In music, counterpoint is the ability to “say” two things at once comprehensibly. The term comes from the Latin punctus contra punctum, i.e., “point against point” or “note against note.” A single part or voice added to another is called “a counterpoint” to that other, but the more common use of the word is that of the combination of simultaneous parts resulting in a coherent texture. In this sense counterpoint is the same as polyphony.

The art of counterpoint developed gradually from the 9th century onward and reached its highest point at the end of the 16th century and beginning of the 17th century. The chief theorist responsible for the formulation of those rules was Josef Fux whose Gradus ad Parnassum of 1725 is a book that still shows its influence in modern textbooks.

The study of strict counterpoint is divided into five categories or species, as they are known. Based on the practice of early composers, a cantus firmus (fixed song), i.e., a short melody, is written by the teacher against which another melody is to be written by the student or several such melodies. It is usually written with one note to a measure (bar).

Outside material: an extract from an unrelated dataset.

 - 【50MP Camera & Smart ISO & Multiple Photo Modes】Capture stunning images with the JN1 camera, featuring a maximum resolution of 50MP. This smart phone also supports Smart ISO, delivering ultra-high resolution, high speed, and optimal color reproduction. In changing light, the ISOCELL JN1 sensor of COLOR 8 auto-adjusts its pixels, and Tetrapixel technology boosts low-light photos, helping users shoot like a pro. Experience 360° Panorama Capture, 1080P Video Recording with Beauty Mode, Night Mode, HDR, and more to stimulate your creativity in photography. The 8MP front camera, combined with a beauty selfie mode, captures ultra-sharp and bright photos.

The species are as follows:

  • Species I
    The added voice proceeds at the same pace as the cantus firmus, with one note to a measure.

  • Species II
    The added voice proceeds at twice (or 3 times) the pace of the cantus firmus with two or three notes to a measure.

  • Species III
    The added voice proceeds at 4 (or 6) times the pace of the cantus firmus with four notes to a measure.

  • Species IV
    The added voice proceeds (as in Species II) at the rate of two notes to one, two to a measure; but the second note is tied over to the first note of the following measure, i.e., syncopation is introduced.

  • Species V
    (Sometimes called florid counterpoint.) The added voice employs a mixture of the processes of the other four species and also introduces shorter notes.

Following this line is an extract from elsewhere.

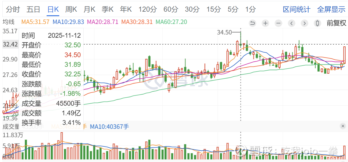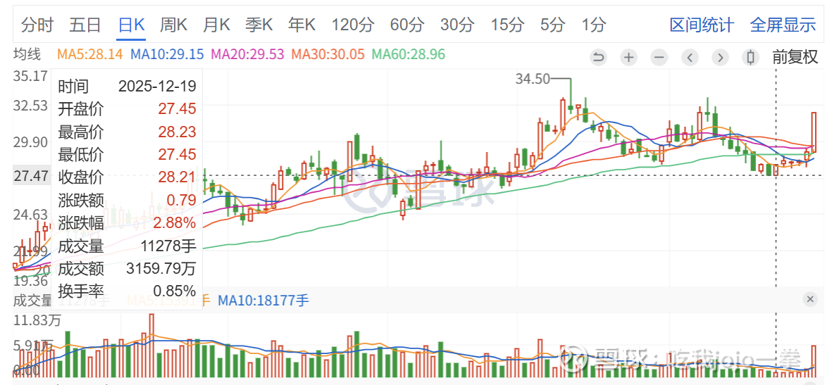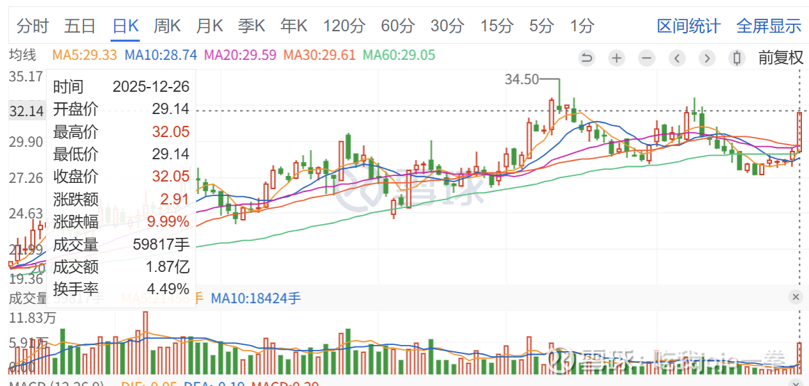 今天12月26日放量封板,成交5.9万手,收盘价32.05元,封口完整,接近高点

In the twentieth century there have been no additions to the study of counterpoint. Most modern music is based on the study of harmony, which grew out of the analysis of counterpoint. Theorists discovered that contrapuntal music functioned vertically as well as horizontally. Even though the predominant study of modern music primarily involves harmony, there are many music theorists who are convinced that the function of harmony and chord progression cannot be properly analyzed with the exclusion of contrapuntal thinking.